WHAT IS REQUIRED: For each entry below, write an exact copy and leave out the images.

(MATERIAL FOR THE TASK)

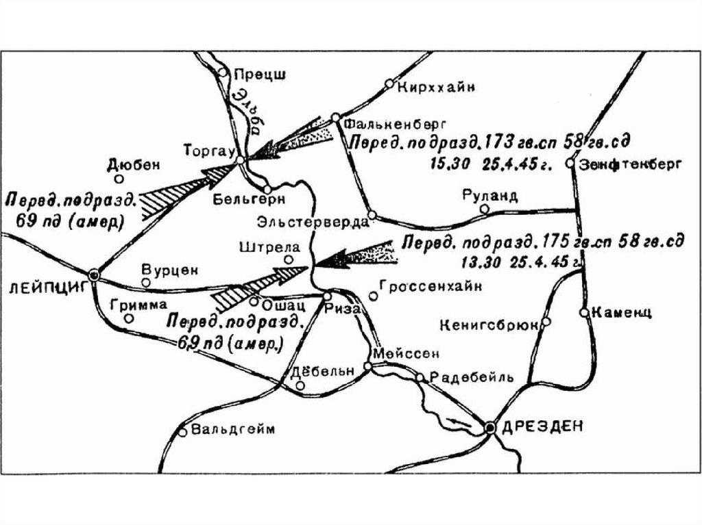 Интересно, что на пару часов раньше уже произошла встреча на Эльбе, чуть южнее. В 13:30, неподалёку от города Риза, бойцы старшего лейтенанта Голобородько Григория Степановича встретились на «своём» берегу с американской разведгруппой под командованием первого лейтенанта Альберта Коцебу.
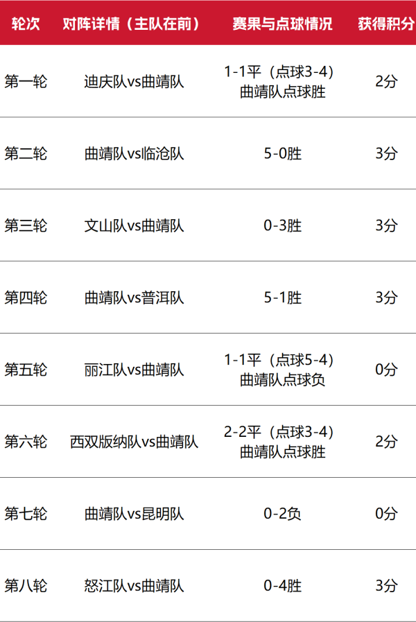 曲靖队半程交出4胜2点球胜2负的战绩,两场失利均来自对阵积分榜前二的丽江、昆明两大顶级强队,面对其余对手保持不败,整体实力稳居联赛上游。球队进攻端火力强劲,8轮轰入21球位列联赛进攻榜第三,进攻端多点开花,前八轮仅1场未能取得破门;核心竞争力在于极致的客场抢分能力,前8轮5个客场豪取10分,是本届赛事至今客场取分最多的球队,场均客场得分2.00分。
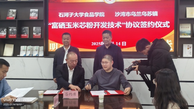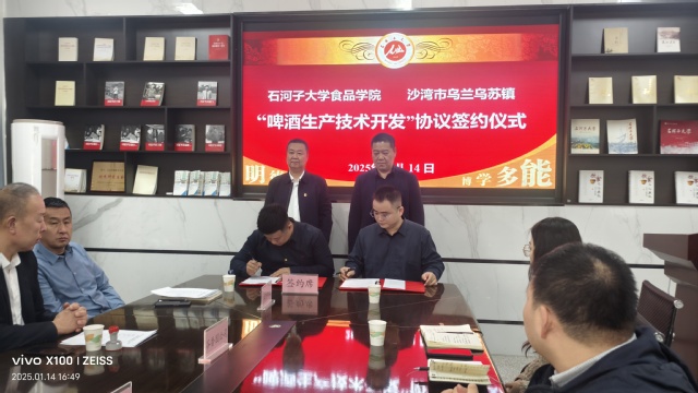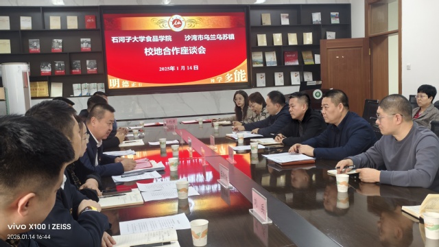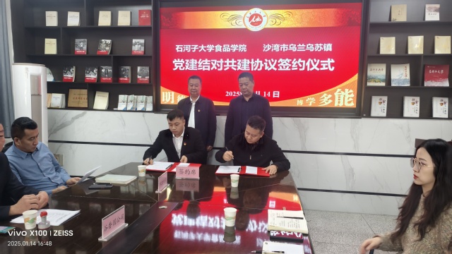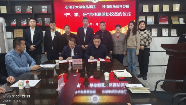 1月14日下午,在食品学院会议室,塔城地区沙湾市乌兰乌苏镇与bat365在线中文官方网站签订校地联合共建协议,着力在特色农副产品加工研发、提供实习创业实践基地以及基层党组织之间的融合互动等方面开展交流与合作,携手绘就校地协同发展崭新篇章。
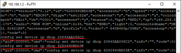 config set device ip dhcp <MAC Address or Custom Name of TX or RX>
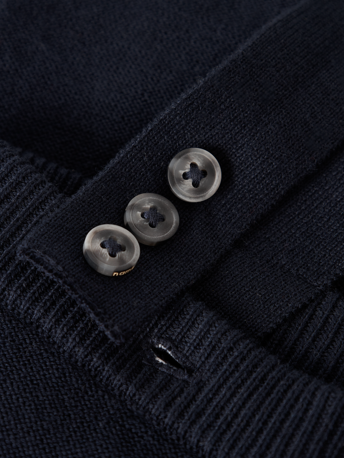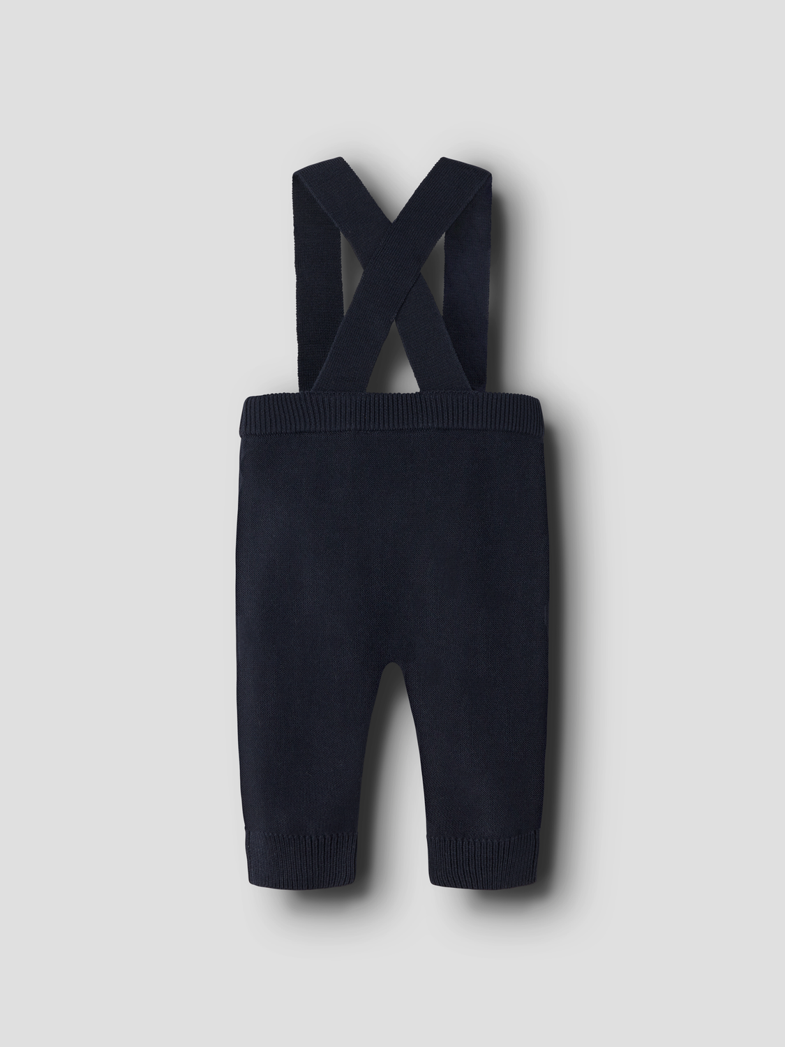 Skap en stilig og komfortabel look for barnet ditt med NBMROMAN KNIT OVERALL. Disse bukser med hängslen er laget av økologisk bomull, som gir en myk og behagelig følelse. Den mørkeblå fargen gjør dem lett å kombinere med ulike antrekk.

(End MATERIAL FOR THE TASK)

YOUR SOLUTION:
 Интересно, что на пару часов раньше уже произошла встреча на Эльбе, чуть южнее. В 13:30, неподалёку от города Риза, бойцы старшего лейтенанта Голобородько Григория Степановича встретились на «своём» берегу с американской разведгруппой под командованием первого лейтенанта Альберта Коцебу.
 曲靖队半程交出4胜2点球胜2负的战绩,两场失利均来自对阵积分榜前二的丽江、昆明两大顶级强队,面对其余对手保持不败,整体实力稳居联赛上游。球队进攻端火力强劲,8轮轰入21球位列联赛进攻榜第三,进攻端多点开花,前八轮仅1场未能取得破门;核心竞争力在于极致的客场抢分能力,前8轮5个客场豪取10分,是本届赛事至今客场取分最多的球队,场均客场得分2.00分。
 1月14日下午,在食品学院会议室,塔城地区沙湾市乌兰乌苏镇与bat365在线中文官方网站签订校地联合共建协议,着力在特色农副产品加工研发、提供实习创业实践基地以及基层党组织之间的融合互动等方面开展交流与合作,携手绘就校地协同发展崭新篇章。
 config set device ip dhcp <MAC Address or Custom Name of TX or RX>
 Skap en stilig og komfortabel look for barnet ditt med NBMROMAN KNIT OVERALL. Disse bukser med hängslen er laget av økologisk bomull, som gir en myk og behagelig følelse. Den mørkeblå fargen gjør dem lett å kombinere med ulike antrekk.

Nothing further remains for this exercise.